EXERCISE DATA:

>>>>>

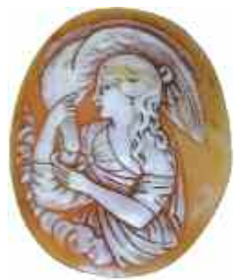
2220 ΚΑΜΕΟ Διαστάσεις 3 χ 3,5 εκ. 60-80
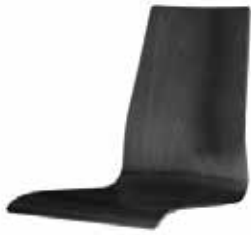
200 | H 900 mm
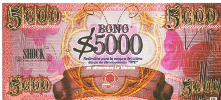
Bono de apoyo a la Banda de rock Aterciopelados, por 5.000 pesos (anverso y reverso)
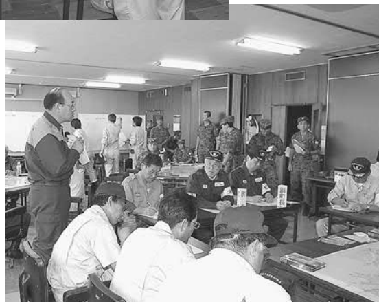
▲自衛隊や消防署との連携が不可欠です
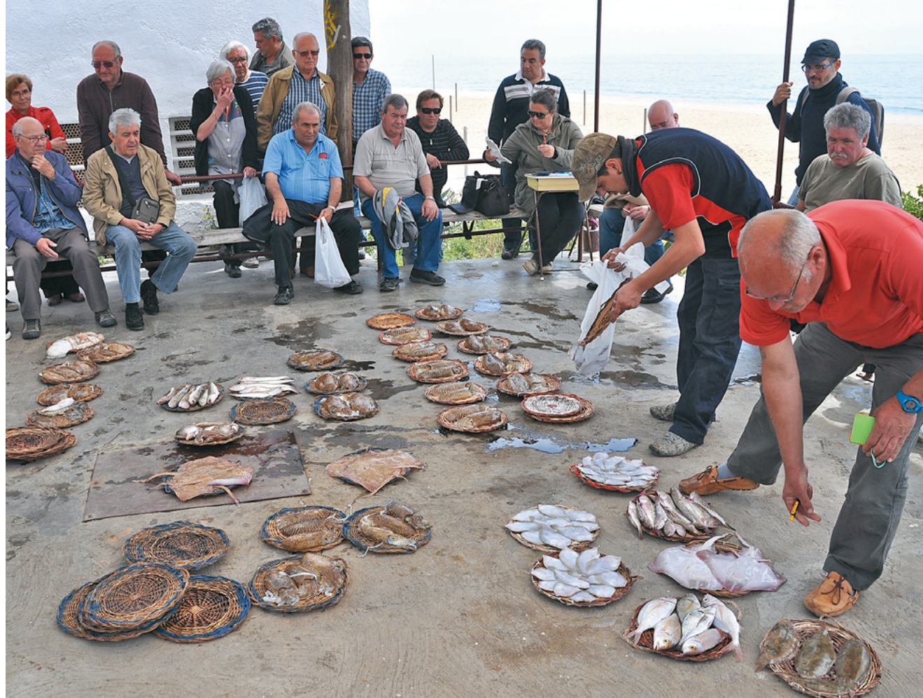
Compradors i curiosos s'apleguen al voltant de les paneres de peix, a la llotja de Montgat.
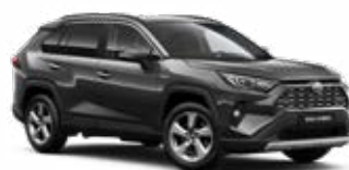
1G3 Šedá – popelavá metalický lak 15 000 Kč
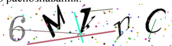
Рис. 1. Сгенерированная капча

Основным элементом изображения, генерируемого системой, являются символы алфавита. Количество символов задается пользователем. Имеется возможность добавить 2 вида шумов на результирующее изображение для затруднения автоматического распознавания.
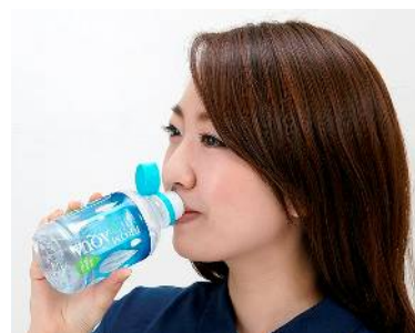
③キャップを持たずに飲める
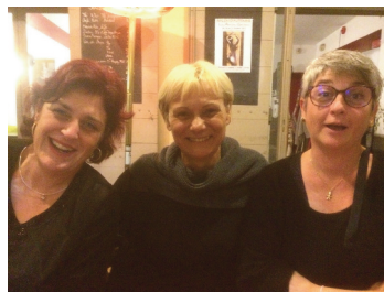
Les Dames du RUG
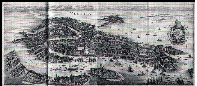
M. Merian, Itinerarium Italiae nov-antiquae. Frankfurt/Main 1640. Erlös November-Auktion 2002: € 8.200,-

Auf Wunsch übersenden wir Ihnen gern unsere illustrierten Kataloge.
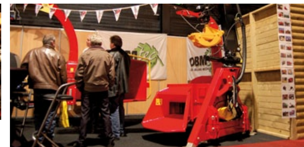
Nieuw bij OBMtec is de TP 230K kraaningevoerde versnipperaar. Deze zijlader kan hout tot 23 cm verwerken en weegt met kraan 1.740 kg. De Mowi kraan reikt tot 4,7 meter. De houtinvoer is scheef op de hakschijf. Hij is er voor in de driepunt van een trekker van minstens 70 pk. Prijs: 42.500 euro.
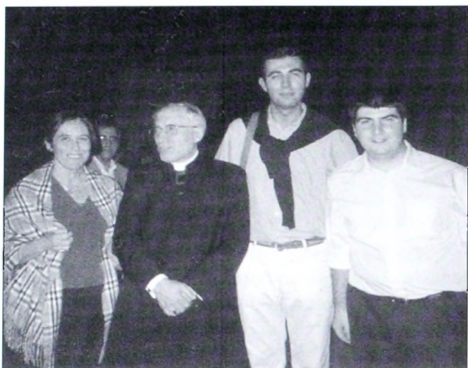
Miembros de la Sección de Berja junto al Cardenal Rouco, en septiembre de 2002.

los actos organizados por la sección o aquellos en los que ha participado:
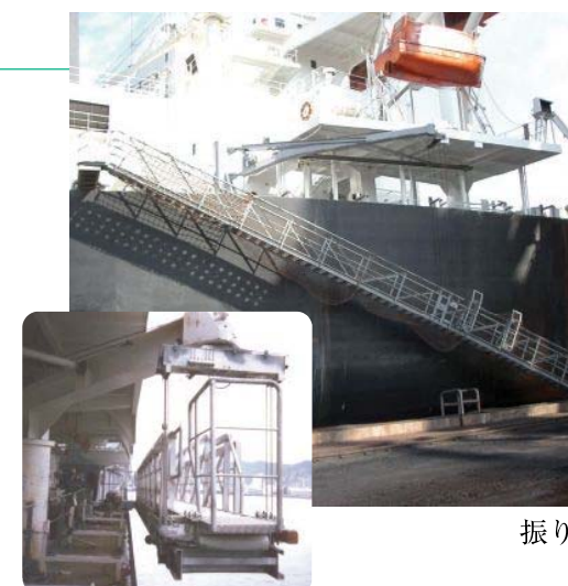
振り出し式水平格納型舷梯装置

This slew-out ladder system is our company's showpiece for safe operation and competitive price.
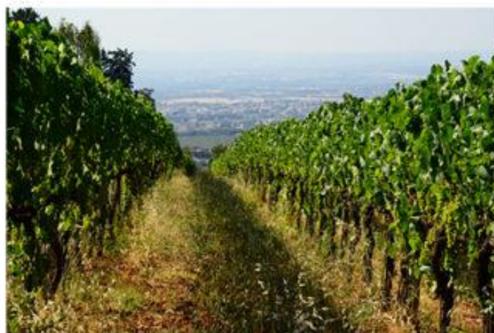
Vigne del frascatano

La città di Frascati è nota per le strutture ricettive e turistiche, prima fra tutte le famose fraschette dove nei primi dell'ottocento ed anche negli anni 50/60 si andavano a consumare pranzi e cene portati da casa, chiedendo all'oste la somministrazione del solo vino. A questa immagine antica, rurale, contadina e, forse legata ad un turismo povero insieme alla ripresa industriale, abbiamo l'obbligo di associare anche una realtà oggettiva che ci rende pieni di orgoglio, speranza e considerazione per il futuro.
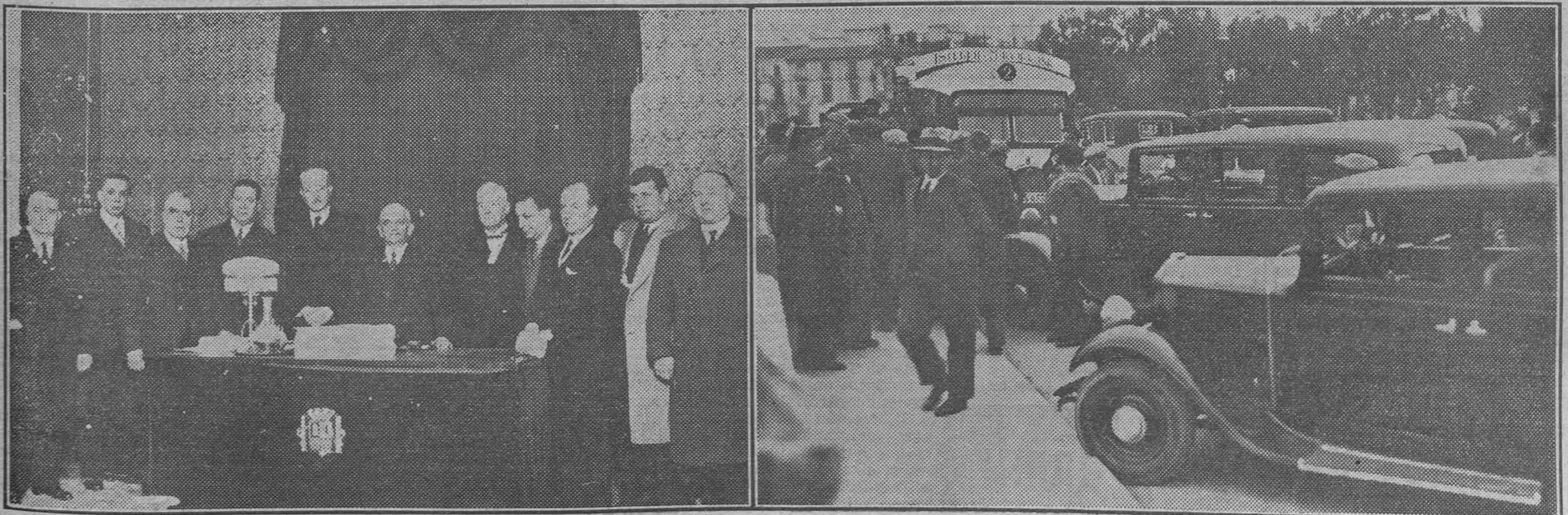
Solemne sesión de apertura de curso de la Academia de Medicina, celebrada el domingo.—Los taxis impidieron el domingo el servicio de autobuses a los campos de fútbol, y formaron una barrera en el puente del Real.

Comunican de Berlín que el velero Mopelia, con 25 hombres de tripulación y cuatro pasajeros, al mando del capitán Lauterbach, ha establecido una nueva marca para la travesía desde Nuev York a Bremen, en 26 días, con mar muy movido.
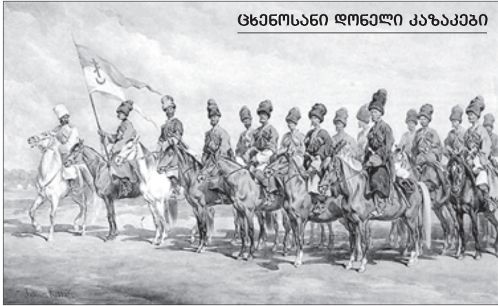
ცხენოსანი ღონელი კაზაკები

ქართველოს სამხედრო გზაზე ძარცვავდნენ მგზავრებს“. ქართველ უფლისწულთა მიერ ნაქეზებულნი (რომლებიც იმერეთში იმყოფებოდნენ) დარწმუნებული იყვნენ, რომ რუსული ჯარები, რომლებიც ამჟამად საქართველოში იდგა, მალე დაუბრუნდებოდა კავკასიის ხაზს. ეს თავდასხმები რომ აღეკვეთა, გენერალმა ი. პ. ლაზარევმა ითხოვა მათ წინააღმდეგ ძალის გამოყენება.
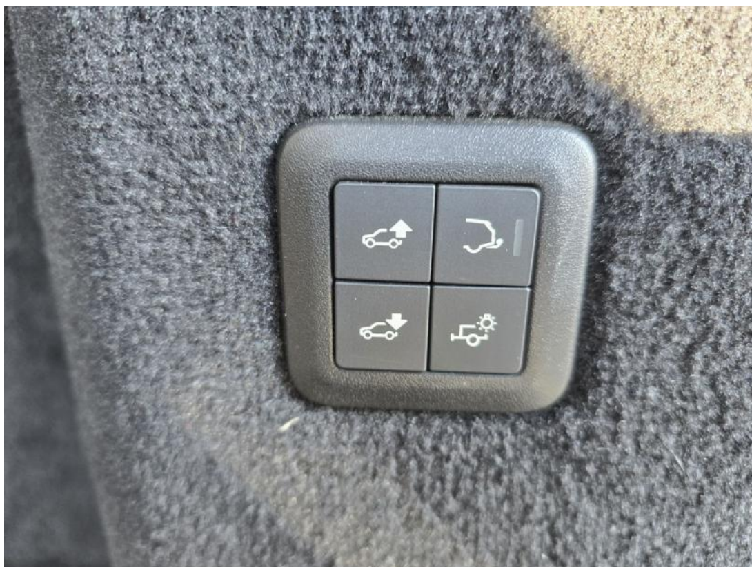
Fot. 35 hak
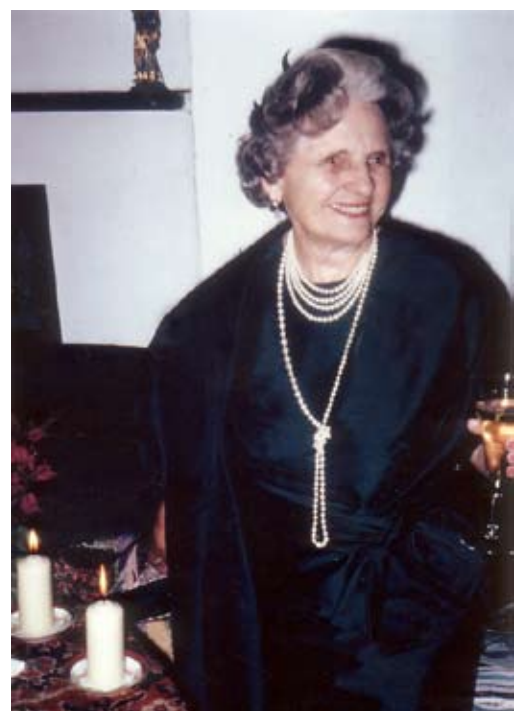
Otonie 1962 80. Geburtstag
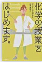
化学の授業をはじめます。 (ボニー・ガルマス 著)
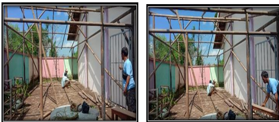
Gambar 2. Dokumentasi Foto Pekerjaan Pembuatan Kerangka Bangunan Green House di MIN 2 Jember

Pekerjaan pembuatan green house pada akhirnya dapat dilanjutkan hari berikutnya, namun kendala cuaca turunnya hujan menjadi faktor penghambat estimasi waktu yang telah ditentukan. Adapun pekerjaan pembuatan green house sudah mencapai tahap 60 persen, seperti tampilan dokumentasi foto berikut ini.
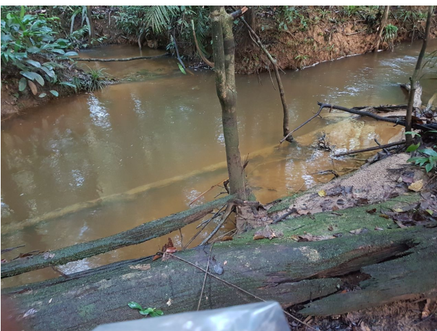
Crique Amont AEX Ouest
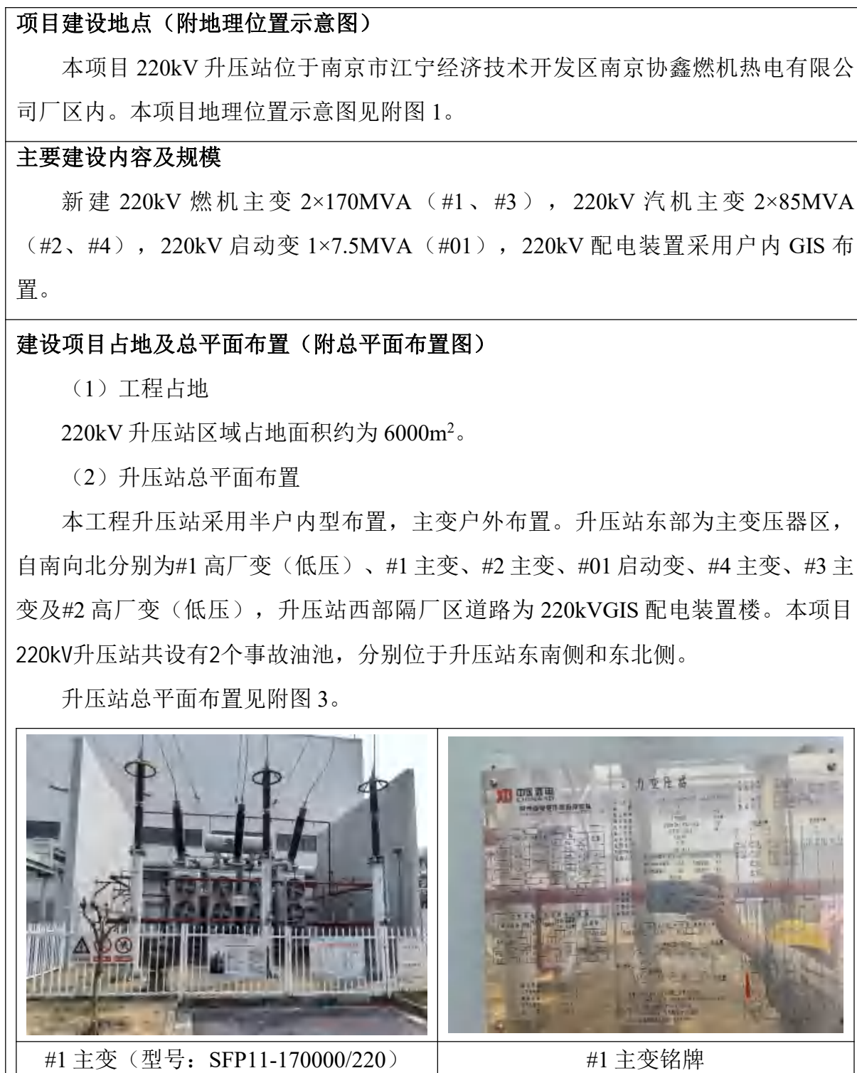
表 4 建设项目概况

<<<<<

The answer is every line of the data, exactly as written, with the pictures dropped.

2220 ΚΑΜΕΟ Διαστάσεις 3 χ 3,5 εκ. 60-80
200 | H 900 mm
Bono de apoyo a la Banda de rock Aterciopelados, por 5.000 pesos (anverso y reverso)
▲自衛隊や消防署との連携が不可欠です
Compradors i curiosos s'apleguen al voltant de les paneres de peix, a la llotja de Montgat.
1G3 Šedá – popelavá metalický lak 15 000 Kč
Рис. 1. Сгенерированная капча

Основным элементом изображения, генерируемого системой, являются символы алфавита. Количество символов задается пользователем. Имеется возможность добавить 2 вида шумов на результирующее изображение для затруднения автоматического распознавания.
③キャップを持たずに飲める
Les Dames du RUG
M. Merian, Itinerarium Italiae nov-antiquae. Frankfurt/Main 1640. Erlös November-Auktion 2002: € 8.200,-

Auf Wunsch übersenden wir Ihnen gern unsere illustrierten Kataloge.
Nieuw bij OBMtec is de TP 230K kraaningevoerde versnipperaar. Deze zijlader kan hout tot 23 cm verwerken en weegt met kraan 1.740 kg. De Mowi kraan reikt tot 4,7 meter. De houtinvoer is scheef op de hakschijf. Hij is er voor in de driepunt van een trekker van minstens 70 pk. Prijs: 42.500 euro.
Miembros de la Sección de Berja junto al Cardenal Rouco, en septiembre de 2002.

los actos organizados por la sección o aquellos en los que ha participado:
振り出し式水平格納型舷梯装置

This slew-out ladder system is our company's showpiece for safe operation and competitive price.
Vigne del frascatano

La città di Frascati è nota per le strutture ricettive e turistiche, prima fra tutte le famose fraschette dove nei primi dell'ottocento ed anche negli anni 50/60 si andavano a consumare pranzi e cene portati da casa, chiedendo all'oste la somministrazione del solo vino. A questa immagine antica, rurale, contadina e, forse legata ad un turismo povero insieme alla ripresa industriale, abbiamo l'obbligo di associare anche una realtà oggettiva che ci rende pieni di orgoglio, speranza e considerazione per il futuro.
Solemne sesión de apertura de curso de la Academia de Medicina, celebrada el domingo.—Los taxis impidieron el domingo el servicio de autobuses a los campos de fútbol, y formaron una barrera en el puente del Real.

Comunican de Berlín que el velero Mopelia, con 25 hombres de tripulación y cuatro pasajeros, al mando del capitán Lauterbach, ha establecido una nueva marca para la travesía desde Nuev York a Bremen, en 26 días, con mar muy movido.
ცხენოსანი ღონელი კაზაკები

ქართველოს სამხედრო გზაზე ძარცვავდნენ მგზავრებს“. ქართველ უფლისწულთა მიერ ნაქეზებულნი (რომლებიც იმერეთში იმყოფებოდნენ) დარწმუნებული იყვნენ, რომ რუსული ჯარები, რომლებიც ამჟამად საქართველოში იდგა, მალე დაუბრუნდებოდა კავკასიის ხაზს. ეს თავდასხმები რომ აღეკვეთა, გენერალმა ი. პ. ლაზარევმა ითხოვა მათ წინააღმდეგ ძალის გამოყენება.
Fot. 35 hak
Otonie 1962 80. Geburtstag
化学の授業をはじめます。 (ボニー・ガルマス 著)
Gambar 2. Dokumentasi Foto Pekerjaan Pembuatan Kerangka Bangunan Green House di MIN 2 Jember

Pekerjaan pembuatan green house pada akhirnya dapat dilanjutkan hari berikutnya, namun kendala cuaca turunnya hujan menjadi faktor penghambat estimasi waktu yang telah ditentukan. Adapun pekerjaan pembuatan green house sudah mencapai tahap 60 persen, seperti tampilan dokumentasi foto berikut ini.
Crique Amont AEX Ouest
表 4 建设项目概况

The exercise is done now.